## The problem
The data below should be copied out exactly, with its pictures omitted.

## Data block
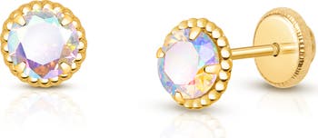 Colorful and playful like her spirit, these 14K gold earrings feature opalescent CZs. Hypoallergenic, comfy, and secure with screw backs for safe wear.
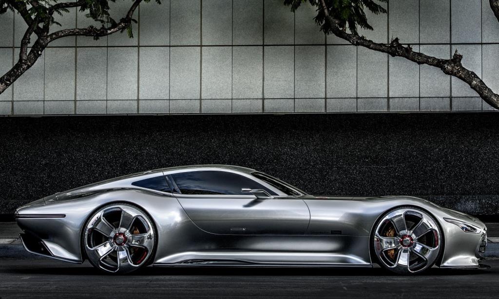 Las proporciones son las clásicas de un deportivo biplaza: el largo capó, una distancia entre ejes generosa, y una cola corta. Además en el caso de este concept, la carrocería toma la forma de una gota de agua que ya sabemos lo eficiente que es aerodinámicamente hablando, y todo completado por un trabajo de pintura que simula a la plata, obviamente, otro guiño al pasado para las "flechas de plata" que defendían los colores de Mercedes-Benz en las pistas. Atrás llaman la atención las ocho -sí, leiste bien- salidas de escape.
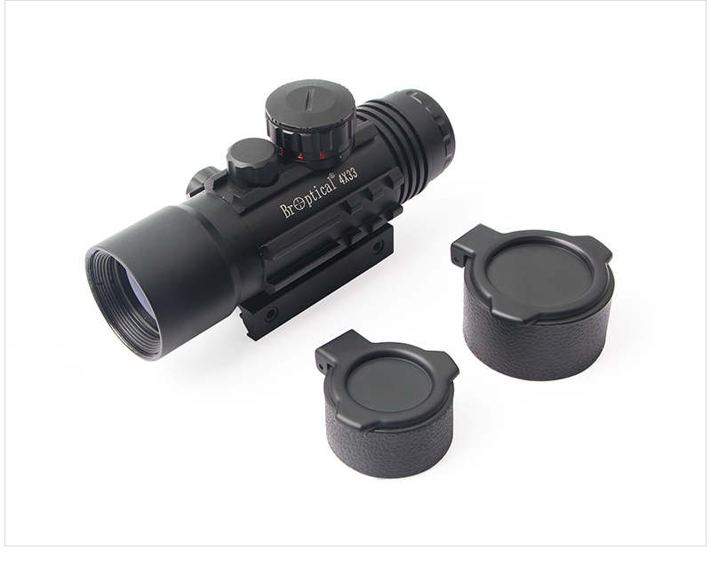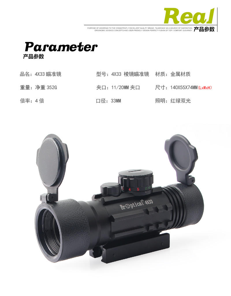 4x33鱼骨弹盖金属4倍棱镜密位分化户外抗震探测瞄准镜光学器具
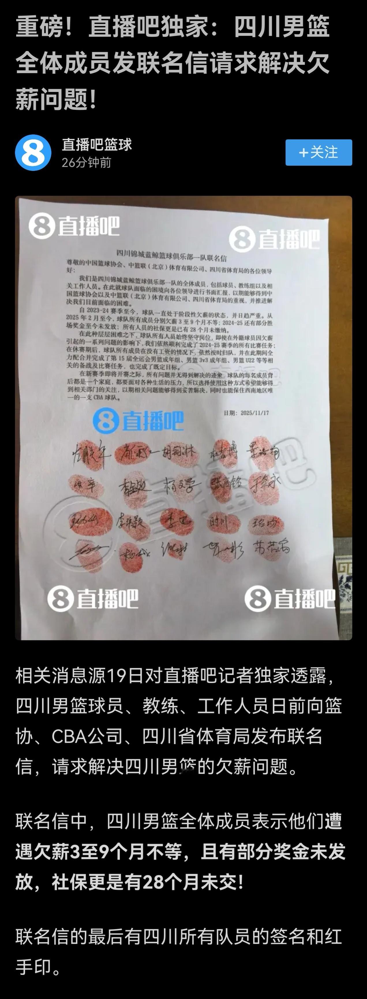 四川队爆雷了,球员,教练,工作人员发公开信讨薪。

## Response for this exercise
 Colorful and playful like her spirit, these 14K gold earrings feature opalescent CZs. Hypoallergenic, comfy, and secure with screw backs for safe wear.
 Las proporciones son las clásicas de un deportivo biplaza: el largo capó, una distancia entre ejes generosa, y una cola corta. Además en el caso de este concept, la carrocería toma la forma de una gota de agua que ya sabemos lo eficiente que es aerodinámicamente hablando, y todo completado por un trabajo de pintura que simula a la plata, obviamente, otro guiño al pasado para las "flechas de plata" que defendían los colores de Mercedes-Benz en las pistas. Atrás llaman la atención las ocho -sí, leiste bien- salidas de escape.
 4x33鱼骨弹盖金属4倍棱镜密位分化户外抗震探测瞄准镜光学器具
 四川队爆雷了,球员,教练,工作人员发公开信讨薪。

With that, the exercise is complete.